Would you retype exactly the lines from the one holding "Под повдигащата се" through the last line of the listing, and only those, without pictures?

THE DATA =>
------------------------------------------------

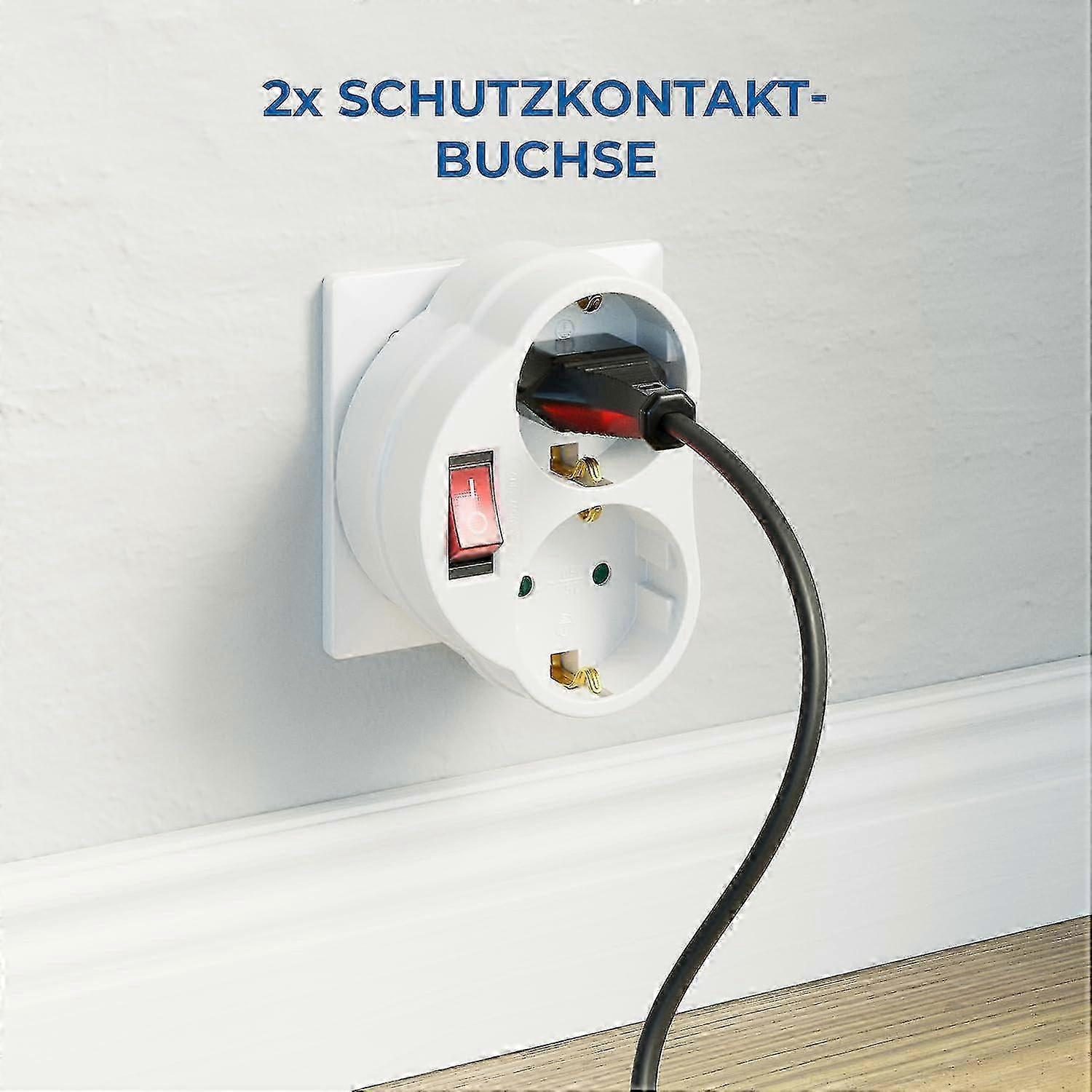 2 X Socket Adapters Indoor Protective Contact Adapter Illuminated On/off Switch Power Adapter Power Plug Adapter Plug 2 X Earthing Contact Socket 16 A
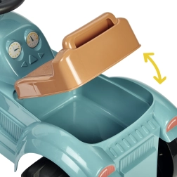 Под повдигащата се седалка се намира просторен тайник за любими дребни вещи. Децата се придвижват с отблъскване с крака, като по естествен начин укрепват мускулите и развиват координацията, докато воланът позволява лесно управление на посоката.
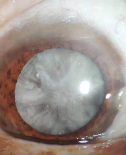 (图1,张大爷的晶状体浑浊,白内障十分严重,视力只能看到手动。)

------------------------------------------------

EXERCISE SOLUTION =>
 Под повдигащата се седалка се намира просторен тайник за любими дребни вещи. Децата се придвижват с отблъскване с крака, като по естествен начин укрепват мускулите и развиват координацията, докато воланът позволява лесно управление на посоката.
 (图1,张大爷的晶状体浑浊,白内障十分严重,视力只能看到手动。)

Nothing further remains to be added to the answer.